Manche Kommunen, Knetzgau etwa, garantieren schon heute, dass ihr Kläranlagen-Sediment keinen Boden belastet, wozu sie ihre Abnehmer vertraglich verpflichtet haben. Bereits eingetretene Gesetzesänderungen und die in den nächsten Jahren bevorstehenden Verschärfungen haben aber dazu geführt, dass die Kommunen kaum noch jemanden finden, der den Klärschlamm abholt. Und wenn doch, zu explodierenden Preisen. Davon weiß etwa Matthias Langguth, Betriebsleiter der Haßfurter Kläranlage, ein Lied zu singen. Mit Rückblick auf 2018 verriet er am Mittwoch dieser Redaktion: "Früher haben wir um die 50 000 Euro im Jahr für den Klärschlamm bezahlt. Inzwischen sind wir bei 200 000 Euro." Er müsse aber froh sein, wenn es überhaupt noch Abnehmer gebe. "Wir haben so gut wie keine Angebote mehr."

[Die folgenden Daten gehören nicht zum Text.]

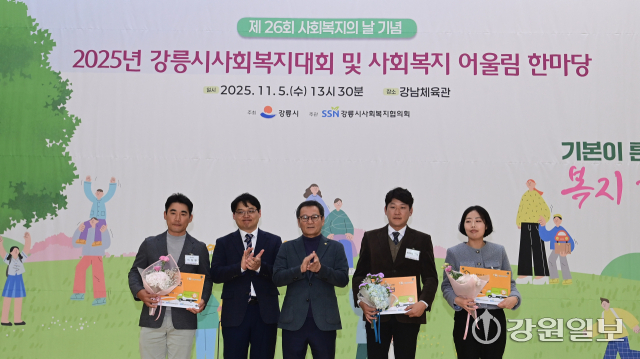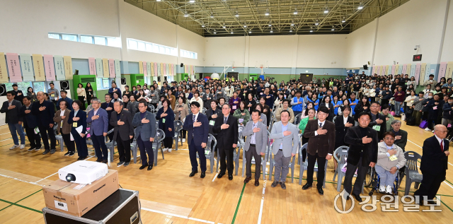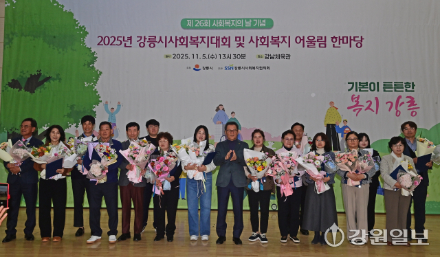‘2025년 강릉시사회복지대회 및 어울림한마당’이 5일 강남체육관에서 김홍규 강릉시장, 이재석 강릉시사회복지협의회장을 비롯한 사회복지시설·기관·단체·사회복지공무원·시민 등 약 300여 명이 참석한 가운데 열렸다. 강릉=권태명기자

Weil im Prinzip alle Kommunen mit denselben Schwierigkeiten kämpfen, würde Wilfried Neubauer gerne einen Zweckverband zur Klärschlammbeseitigung gründen, der die gesamte Logistik zu steuern und verantworten hätte. Klärschlamm wird in der Regel vor Ort, also an der Kläranlage, gepresst, um den Wasseranteil zu reduzieren. Im Landkreis Haßberge fallen im Jahr 70 000 Tonnen Rohschlamm an mit einen Trockensubstanzanteil von nur 3 Prozent. Für den Transport wird der Anteil der Feststoffe auf 20 bis 25 Prozent erhöht. Verfrachtet werden sollen die Klärschlämme nach Neubauers Willen nach Hofheim, wo er neben der bestehenden Biogasanlage gerne eine Trocknungsanlage errichten würde - eine Investition in Höhe von 2,5 bis 3 Millionen Euro.

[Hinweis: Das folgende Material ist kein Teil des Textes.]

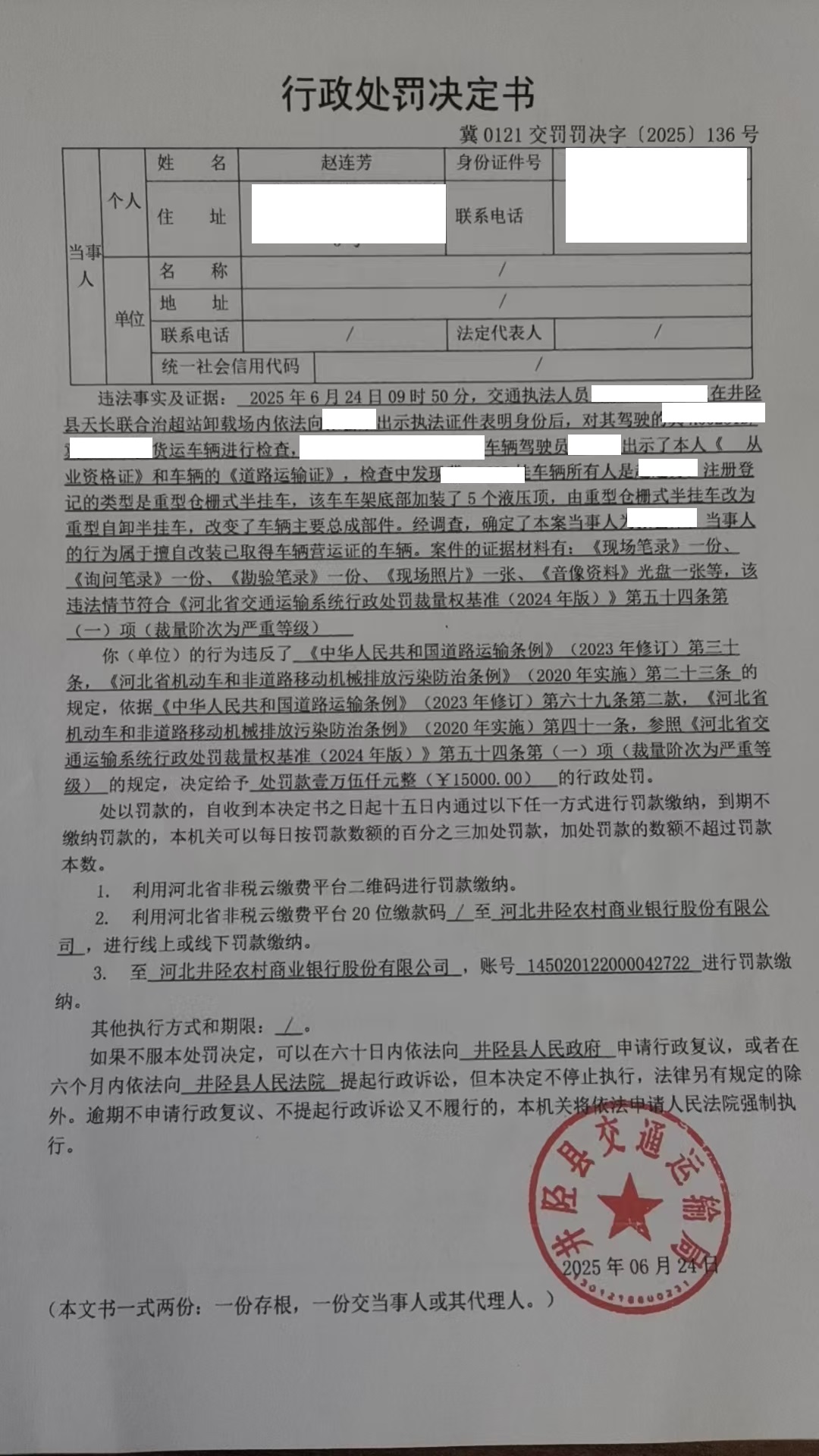 赵连芳擅自改装已取得道路运输证的车辆参加道路运输经营活动案

Die Trocknungsanlage würde die Abwärme der Biogasanlage nutzen und den Klärschlamm auf 90 Prozent Trockensubtanz "eindampfen". Dass kaum noch flüssige Bestandteile im Schlamm sind, ist Grundvoraussetzung dafür, dass ihn das GKS annimmt. Ab 2020 ersetzt das Kraftwerk einen Teil der Steinkohle durch Biomasse. Der Anteil an Klärschlamm, der dann in den Öfen mitverfeuert werden kann, ist allerdings auf rund 10 000 Tonnen begrenzt. Wer liefert, muss dafür bezahlen.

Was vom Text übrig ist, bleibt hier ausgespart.